The First Congress held its initial meeting on March 4, 1789 at Federal Hall in New York City. Assuming that members of the Senate met the requisite citizenship requirement—although there was a prominent challenge to the qualifications of one member of the House—simple arithmetic seems to rule out all but one of these possibilities. If a Senator would have needed to have “been nine Years a Citizen of the United States” on March 4, 1789, that would require that the Senator would have needed to be a Citizen of the United States on March 4, 1780. This date precedes all of the relevant dates, other that the Declaration of Independence. Fortunately for lawyers—who are notoriously poor at math—we are left with a historical record that helps to resolve this inquiry much more decisively.
The evidence for this historical enigma is to be found in four different historical fonts. First, Enlightenment era philosophies, as well as state laws on notions of citizenship help to fill in the gaps in our understanding of original citizenship. Second, though opaque, remarks made during the Constitutional Convention intimate and sketch a portrait of how the Framers treated Citizenship of the United States. Third, because the House is the “Judge of the Elections, Returns, and Qualifications of its own Members,” early records of contested elections in the House help to explicate the contours of the original understanding of America citizenship.
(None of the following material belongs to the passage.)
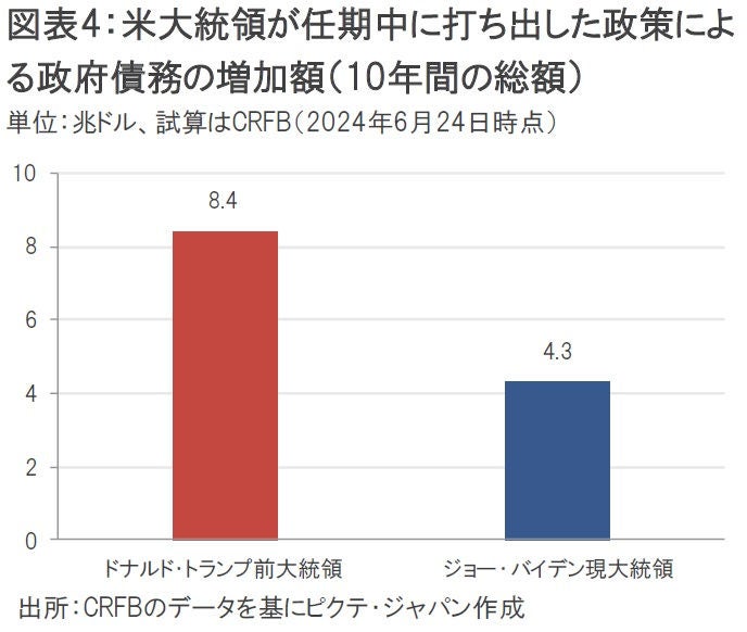 なぜトランプ氏再選の可能性が市場関係者に財政赤字拡大の警戒を促すのか?米超党派のシンクタンク「責任ある連邦予算委員会」(Committee for a Responsible Federal Budget)によれば、トランプ前大統領が任期中に打ち出した政策による政府債務の増加額は10年間で約8.4兆ドルと試算される一方、バイデン現大統領の場合は10年間で約4.3兆ドルにとどまる(図表4)。前例にならえば、トランプ氏の方が財政負担が増えると予想するのは自然な流れだろう。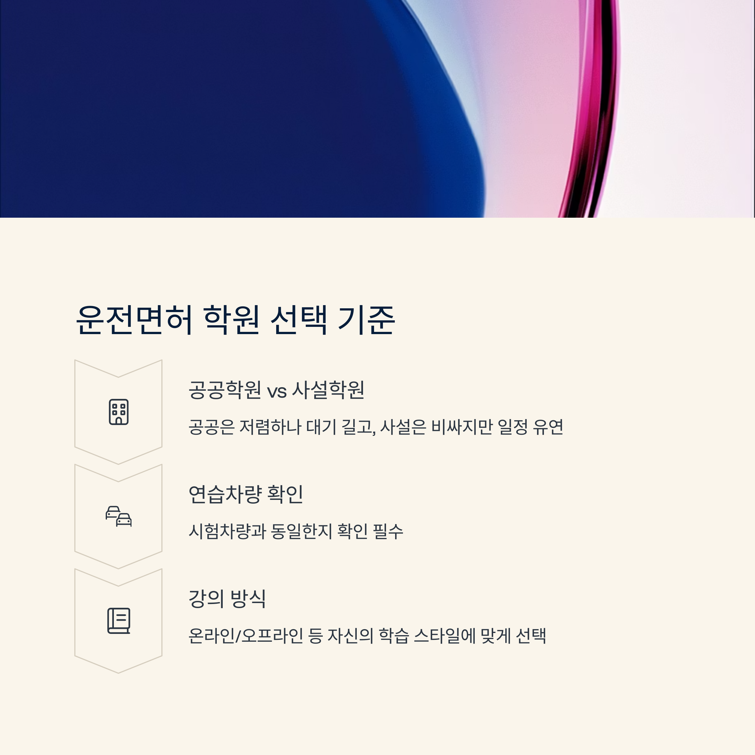 우선 공공학원과 사설학원의 차이를 알아두는 게 좋아요. 공공학원은 비교적 저렴하지만, 대기 인원이 많아 시험 일정이 오래 걸릴 수 있어요. 반면 사설학원은 가격이 좀 비싸지만 수강 스케줄 조정이 유연하고 빠르게 시험을 볼 수 있다는 장점이 있죠.

Fourth, in several early Supreme Court cases, the Justices considered this question to determine when citizenship should have begun. From this record, a picture emerges—as originally understood, American citizenship began not with the ratification of the Constitution, not with the ratification of the Articles of Confederation, not with the signing of the Treaty of Paris, but in Philadelphia on July 4, 1776 with the signing of the Declaration of Independence. The Declaration of Independence conferred citizenship—a positive political right—and the founding generation seemed to understand this concept.
Does the Declaration of Independence carry the force of law? The conventional answer is clearly no. For over a Century, the Supreme Court has held that while the Declaration of Independence “may not have the force of organic law, or be made the basis of judicial decision as to the limits of right and duty . . . it is always safe to read the letter of the Constitution in the spirit of the Declaration of Independence.” Justice Kagan reaffirmed this reasoning during her confirmation hearing in an exchange with Senator Coburn, remarking that the Declaration of Independence lacks the force of law. So does July 4, 1776 and the Declaration of Independence have the force of law? Yes—at least with respect to notions of “citizenship.”
With this observation, over a century of Supreme Court jurisprudence finding that the Declaration of Independence has no force of law seems doubtful, at least with respect to citizenship. Additionally, if the Declaration of Independence was understood to confer the right of Citizenship, what other rights did it give to “We the People?” Based on this refined understanding, this article will further explore abolitionist thought—from Frederick Douglass and Lysander Spooner among others—that relied on the Declaration of Independence to promote a promise of equality of citizenship for all.
Though the answers to these queries has been lost to the sands of time, and stare decisis likely precludes any meaningful change in our laws, this article aims to answer whether the Declaration of Independence, as understood at the time of the framing of the Constitution, had the force of law.